### TASK TO CARRY OUT
Please reproduce all of the data exactly as it appears, but skip the pictures.
*** Opening of DATA BLOCK ***
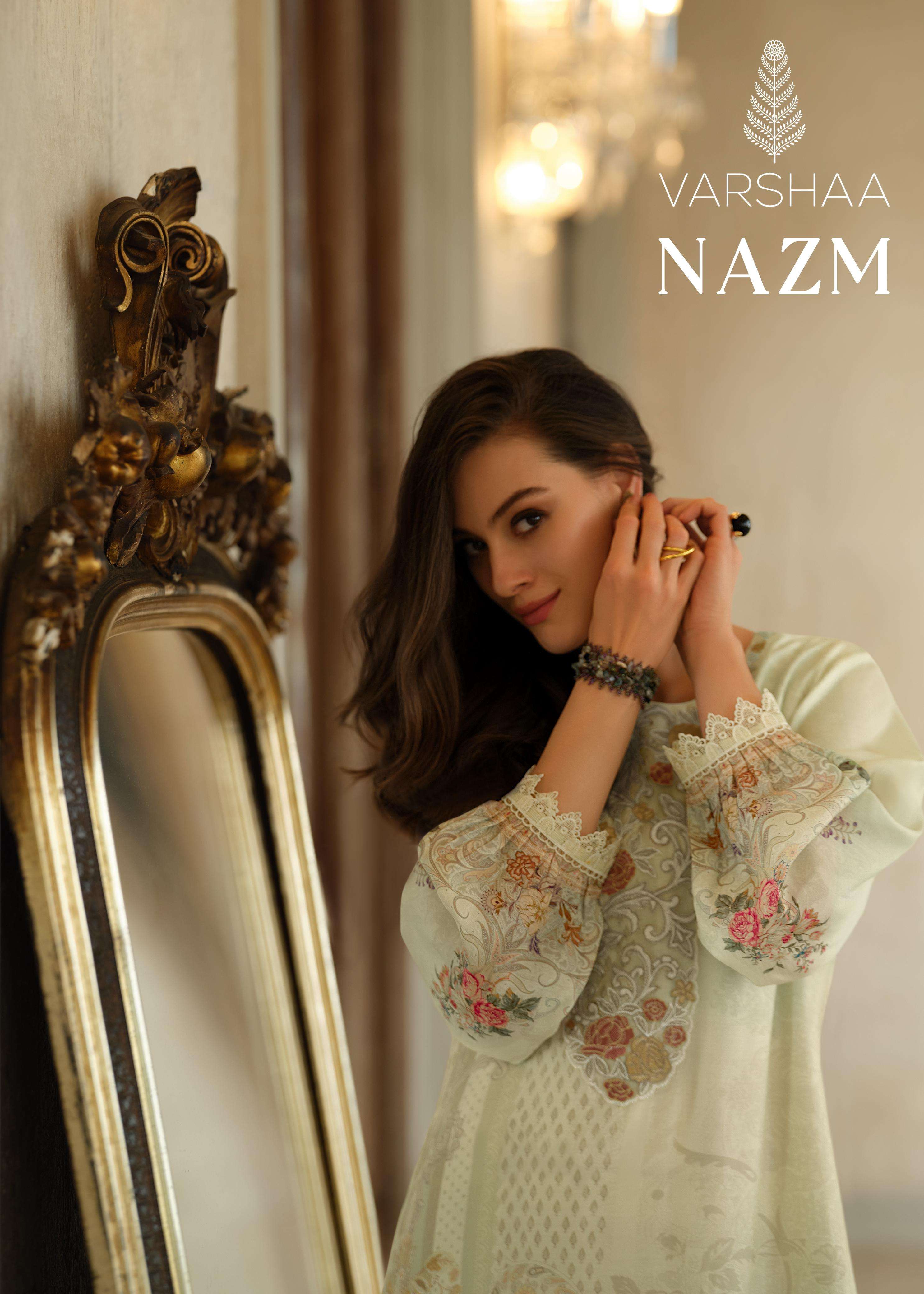 Buy Online Nazm by varshaa printed suit collection manufacturer surat 5 Pcs of Full Catalogue at Wholesale Price. Looking for Nazm by varshaa printed suit collection manufacturer surat Full Catalouge at Best Price? Buy Now Nazm by varshaa printed suit collection manufacturer surat at Wholesale Rate of Rs 10400 with Total 5 Pcs from authroized dealer and supplier of Varsha Brand. Cost of Each piece is just only Rs 2080 which is very low and affordable price to resale the product in your retail store ,This is Surat based Wholesale Supplier & Dealer of Varsha Brand. Click on Brand name to Know more about Varsha Brand's products.Call or Whatsapp on 9898838984 for booking or enquiry
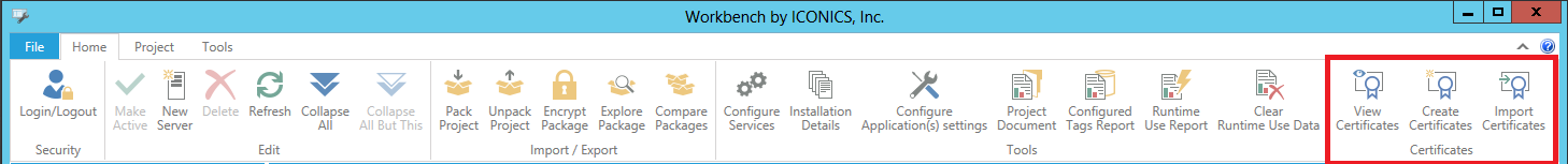 Certificates Section (Highlighted) in the Home Ribbon of the Workbench
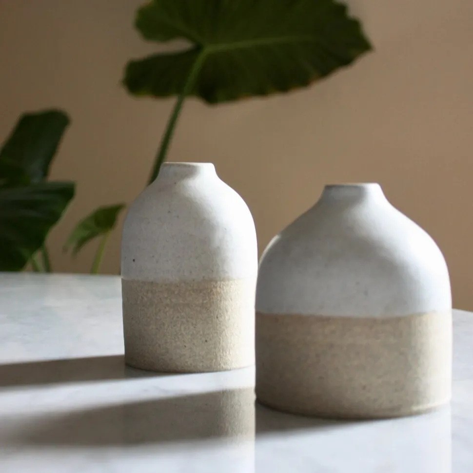 Simple and beautiful small vases from the small pottery studio of ceramicist Tomoko Morisaki. She draws inspiration from found objects in nature and aims to create simple, warm pieces to be used daily. All of her work is thrown on a wheel.
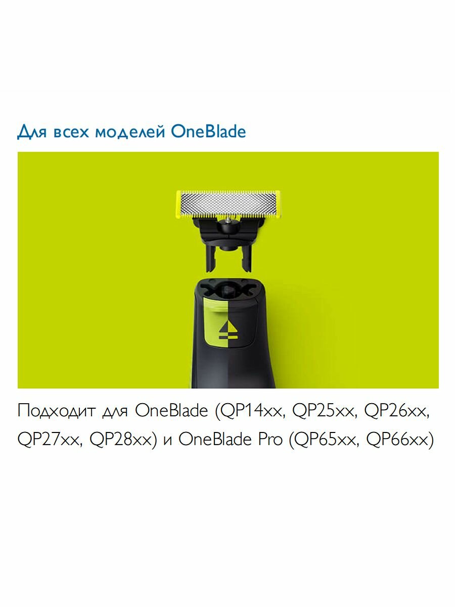 | Совместимость с моделями | Philips OneBlade Pro QP65xx, Philips OneBlade Pro QP66xx, Philips OneBlade QP25xx, Philips OneBlade QP26xx |
*** Close of DATA BLOCK ***
### FINAL ANSWER
 Buy Online Nazm by varshaa printed suit collection manufacturer surat 5 Pcs of Full Catalogue at Wholesale Price. Looking for Nazm by varshaa printed suit collection manufacturer surat Full Catalouge at Best Price? Buy Now Nazm by varshaa printed suit collection manufacturer surat at Wholesale Rate of Rs 10400 with Total 5 Pcs from authroized dealer and supplier of Varsha Brand. Cost of Each piece is just only Rs 2080 which is very low and affordable price to resale the product in your retail store ,This is Surat based Wholesale Supplier & Dealer of Varsha Brand. Click on Brand name to Know more about Varsha Brand's products.Call or Whatsapp on 9898838984 for booking or enquiry
 Certificates Section (Highlighted) in the Home Ribbon of the Workbench
 Simple and beautiful small vases from the small pottery studio of ceramicist Tomoko Morisaki. She draws inspiration from found objects in nature and aims to create simple, warm pieces to be used daily. All of her work is thrown on a wheel.
 | Совместимость с моделями | Philips OneBlade Pro QP65xx, Philips OneBlade Pro QP66xx, Philips OneBlade QP25xx, Philips OneBlade QP26xx |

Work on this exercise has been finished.